YOUR ASSIGNMENT =
Beginning at the line that contains "Het isoleren met" and finishing at the line that contains "現状をプラスと受け止め、更に", output the data below exactly. Include both end lines and no pictures.

[Entries taken from a collection]
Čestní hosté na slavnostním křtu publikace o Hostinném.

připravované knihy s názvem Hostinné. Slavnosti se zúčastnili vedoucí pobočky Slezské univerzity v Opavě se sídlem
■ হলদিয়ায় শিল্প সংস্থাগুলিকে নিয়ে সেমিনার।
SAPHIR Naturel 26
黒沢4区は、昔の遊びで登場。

--

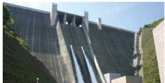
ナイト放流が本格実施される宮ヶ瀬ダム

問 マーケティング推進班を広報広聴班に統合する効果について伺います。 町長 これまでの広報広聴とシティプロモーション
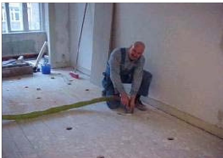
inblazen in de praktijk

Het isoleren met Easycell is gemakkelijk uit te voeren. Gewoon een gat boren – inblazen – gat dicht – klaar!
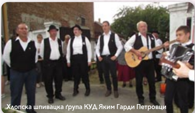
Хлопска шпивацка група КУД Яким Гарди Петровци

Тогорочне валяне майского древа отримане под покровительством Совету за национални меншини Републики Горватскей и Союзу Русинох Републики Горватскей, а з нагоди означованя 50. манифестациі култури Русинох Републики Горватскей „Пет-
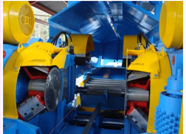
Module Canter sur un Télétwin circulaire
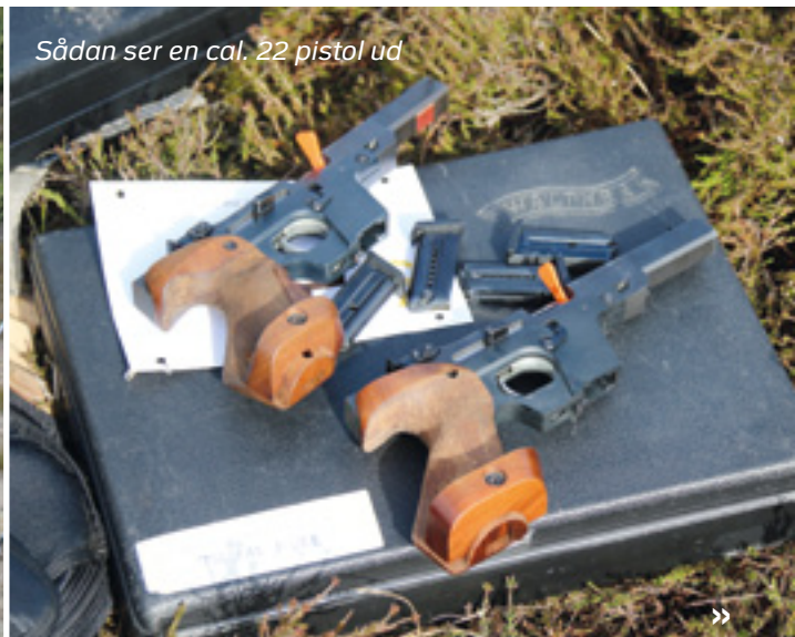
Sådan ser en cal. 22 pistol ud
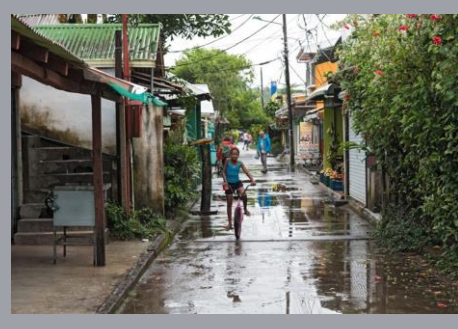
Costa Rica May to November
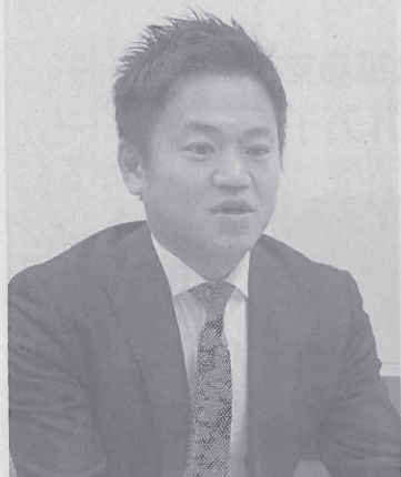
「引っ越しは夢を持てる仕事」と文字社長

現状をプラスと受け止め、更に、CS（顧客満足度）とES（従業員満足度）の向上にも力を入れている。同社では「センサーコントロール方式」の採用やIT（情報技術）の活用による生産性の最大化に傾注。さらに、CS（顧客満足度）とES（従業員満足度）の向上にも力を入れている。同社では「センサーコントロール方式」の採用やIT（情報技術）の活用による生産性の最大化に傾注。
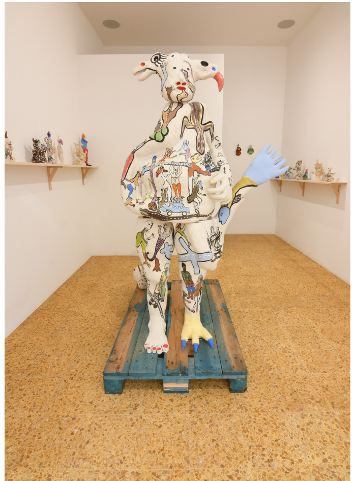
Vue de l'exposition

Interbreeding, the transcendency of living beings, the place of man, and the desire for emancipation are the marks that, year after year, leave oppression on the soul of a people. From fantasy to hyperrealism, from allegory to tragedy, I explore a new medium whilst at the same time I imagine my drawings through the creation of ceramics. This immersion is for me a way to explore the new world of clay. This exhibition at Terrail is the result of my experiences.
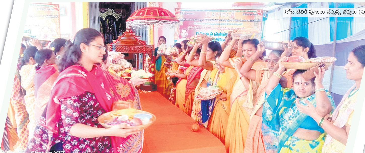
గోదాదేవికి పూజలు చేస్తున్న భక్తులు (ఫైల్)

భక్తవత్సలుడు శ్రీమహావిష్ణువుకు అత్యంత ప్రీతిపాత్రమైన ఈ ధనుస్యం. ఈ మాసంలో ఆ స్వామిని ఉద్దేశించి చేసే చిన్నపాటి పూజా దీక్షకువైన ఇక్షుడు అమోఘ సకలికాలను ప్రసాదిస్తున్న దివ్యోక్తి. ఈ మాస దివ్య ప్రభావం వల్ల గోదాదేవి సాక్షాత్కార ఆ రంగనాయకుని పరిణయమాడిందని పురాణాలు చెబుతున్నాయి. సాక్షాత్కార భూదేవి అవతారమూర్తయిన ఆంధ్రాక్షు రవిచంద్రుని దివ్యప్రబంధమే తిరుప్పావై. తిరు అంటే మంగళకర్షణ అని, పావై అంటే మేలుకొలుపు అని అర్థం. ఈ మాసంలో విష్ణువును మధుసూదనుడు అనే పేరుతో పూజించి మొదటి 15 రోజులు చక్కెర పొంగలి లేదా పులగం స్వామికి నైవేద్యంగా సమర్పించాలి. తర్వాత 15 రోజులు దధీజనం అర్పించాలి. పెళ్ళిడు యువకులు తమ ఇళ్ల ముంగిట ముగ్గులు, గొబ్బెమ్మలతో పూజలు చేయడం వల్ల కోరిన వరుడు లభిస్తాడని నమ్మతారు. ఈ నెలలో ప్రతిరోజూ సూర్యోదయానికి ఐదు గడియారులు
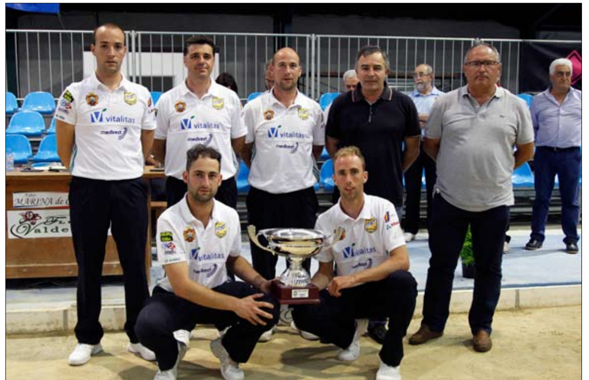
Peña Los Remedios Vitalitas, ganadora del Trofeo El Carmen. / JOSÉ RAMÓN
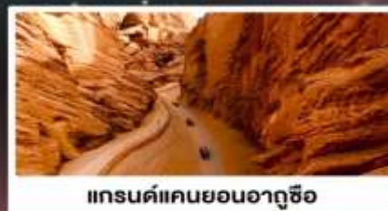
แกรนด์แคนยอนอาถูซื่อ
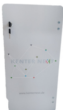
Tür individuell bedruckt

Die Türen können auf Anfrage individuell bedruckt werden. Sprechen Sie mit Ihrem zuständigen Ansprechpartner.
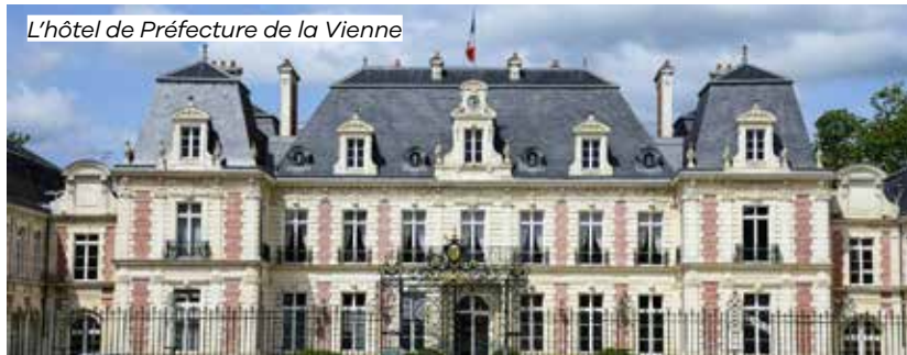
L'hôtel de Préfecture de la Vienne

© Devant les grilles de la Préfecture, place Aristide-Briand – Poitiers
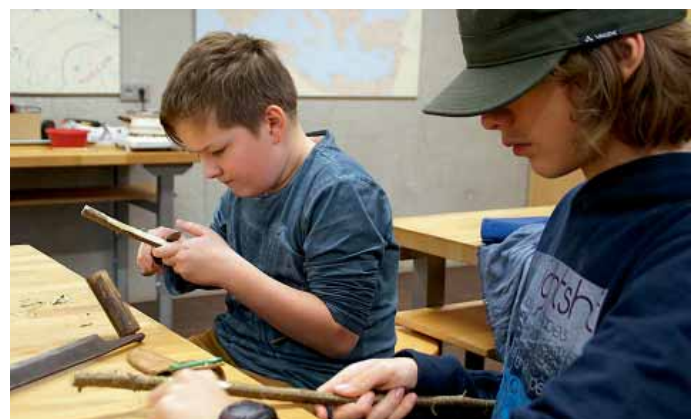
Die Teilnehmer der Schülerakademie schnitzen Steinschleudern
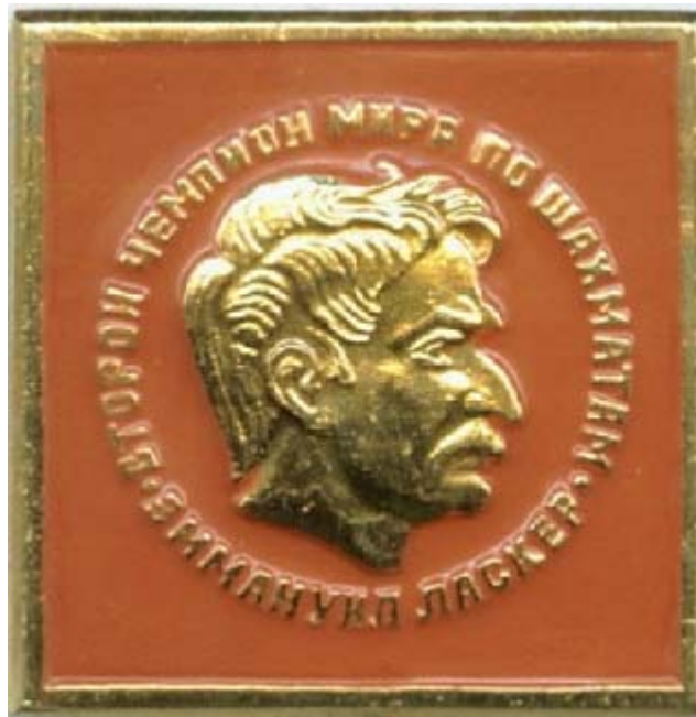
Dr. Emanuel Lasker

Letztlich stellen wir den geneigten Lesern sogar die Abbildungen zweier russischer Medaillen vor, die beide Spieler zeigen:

SOLUTION TO THE PROBLEM =
Het isoleren met Easycell is gemakkelijk uit te voeren. Gewoon een gat boren – inblazen – gat dicht – klaar!
Хлопска шпивацка група КУД Яким Гарди Петровци

Тогорочне валяне майского древа отримане под покровительством Совету за национални меншини Републики Горватскей и Союзу Русинох Републики Горватскей, а з нагоди означованя 50. манифестациі култури Русинох Републики Горватскей „Пет-
Module Canter sur un Télétwin circulaire
Sådan ser en cal. 22 pistol ud
Costa Rica May to November
「引っ越しは夢を持てる仕事」と文字社長

現状をプラスと受け止め、更に、CS（顧客満足度）とES（従業員満足度）の向上にも力を入れている。同社では「センサーコントロール方式」の採用やIT（情報技術）の活用による生産性の最大化に傾注。さらに、CS（顧客満足度）とES（従業員満足度）の向上にも力を入れている。同社では「センサーコントロール方式」の採用やIT（情報技術）の活用による生産性の最大化に傾注。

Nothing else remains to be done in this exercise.